They pulled up an old C compiler, grabbed the sources of a common Trojan family from a torrent, and crafted a malicious binary. It would do nothing out of the ordinary, just download a second binary from a web server. That second stage payload would then grab e-mails matching certain text patterns, and submit those through an HTTPS channel to a server under their control.
They had done their homework: after setting up a fake social networking account, they identified the people representatives their target company talked to. They studied the writing style of one of those contacts. Now, they would ship off their exploit to some people within the overall community in an otherwise innocuous e-mail, posing to be one of them.
To ensure the message reached its target, they clearly mentioned in the e-mail that recent “privacy breaches” that had been discussed on a public list frequented by the target, were an outrage, and everyone should be made aware of them. Only a few hours later, Tom and Jeb’s message was forwarded to the target company by one of their legitimate contacts. This made the message look all the more trustworthy.
Some other recipients though, found out the code was malicious. They forwarded it on to their anti virus vendor. The vendor investigated the issue, but found the host name for the secondary payload to resolve to 127.0.0.1. They built coverage, patterns were distributed, and machines were cleaned. Tom and Jeb’s attack was brought to an abrupt halt. The security community had been victorious!
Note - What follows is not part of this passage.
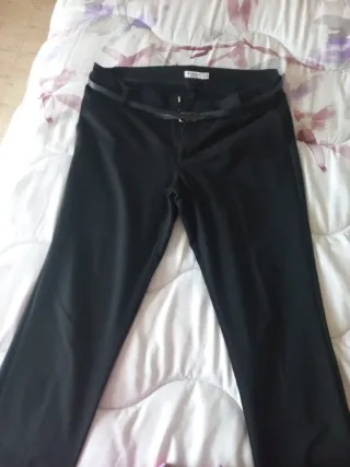 Pantalón de vestir para mujer. - Con dos bolsillos a los lados, una pequeña abertura en la parte de abajo del camal. - Color negro. - Incluye cinturón negro, se ha despegado un trocito, pero con un poco de pegamento....arreglado

In the background, however, Tom and Jeb were sitting behind their machine, looking at the target’s confidential data flow in. Bit by bit, valuable data trickled through, allowing them to plan the next steps in their deep compromise.
What had gone wrong, you ask? The fact that most of the time we prepare for attacks that are global in nature, while in fact incident handlers need to deal with uncertainties, multiple execution paths, if you will, at every step of the way.
Tom and Jeb had set their sights on a very specific target. They accessed their target through people they trust, making it more likely for them to click on the message. Next, they had set up two views on a hacked DNS server, authorative for the domain in which their control server resided. In BIND tongue:
View “world” {
match-clients { all_addresses; }; }
zone “controlserver.com” {
type master;
file “/resolve.localhost”; };
};
view “target” {
match-clients { target_dns_servers; };
zone “controlserver.com” {
type master;
file “/resolve.controlserverip”; };
};
Only the resolver DNS servers of the real target had seen a real IP address when looking up the hostname for the control server. All others saw 127.0.0.1. The code that was forwarded to the various anti virus vendors did not give them sufficient data to protect the target. To them, the secondary payload server was no longer ‘live’.
The above situation took place in a recent targeted attack on an NGO. When handling incidents for others at a different location, be careful. The execution path you see may not be the same as the client’s. A lot of attention in industrial espionage investigations is being spent on ensuring we covered all the execution paths within a malware specimen, but in some cases, these paths branch outside the actual code.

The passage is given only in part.